**What is needed**
Only the pictures should be dropped; every line of the data must come back exactly as written.

**Information shown**

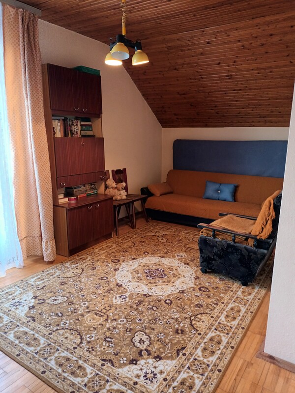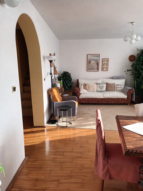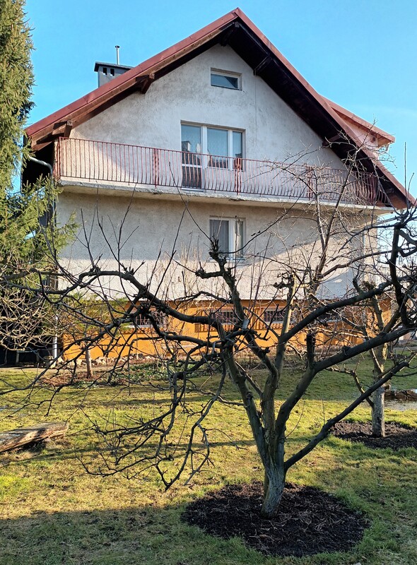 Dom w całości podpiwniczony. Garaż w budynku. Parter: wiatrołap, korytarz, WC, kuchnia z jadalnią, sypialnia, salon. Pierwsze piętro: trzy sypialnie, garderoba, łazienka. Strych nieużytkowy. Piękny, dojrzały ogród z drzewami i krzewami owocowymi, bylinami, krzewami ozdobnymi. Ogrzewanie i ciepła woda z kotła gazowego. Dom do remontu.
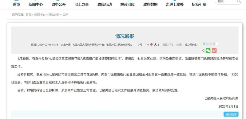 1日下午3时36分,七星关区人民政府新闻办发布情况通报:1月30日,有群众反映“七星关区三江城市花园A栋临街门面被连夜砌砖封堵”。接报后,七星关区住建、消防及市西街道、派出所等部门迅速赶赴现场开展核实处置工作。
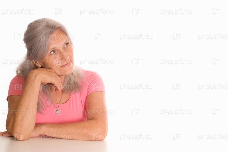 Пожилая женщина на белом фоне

**Solution to this task**
 Dom w całości podpiwniczony. Garaż w budynku. Parter: wiatrołap, korytarz, WC, kuchnia z jadalnią, sypialnia, salon. Pierwsze piętro: trzy sypialnie, garderoba, łazienka. Strych nieużytkowy. Piękny, dojrzały ogród z drzewami i krzewami owocowymi, bylinami, krzewami ozdobnymi. Ogrzewanie i ciepła woda z kotła gazowego. Dom do remontu.
 1日下午3时36分,七星关区人民政府新闻办发布情况通报:1月30日,有群众反映“七星关区三江城市花园A栋临街门面被连夜砌砖封堵”。接报后,七星关区住建、消防及市西街道、派出所等部门迅速赶赴现场开展核实处置工作。
 Пожилая женщина на белом фоне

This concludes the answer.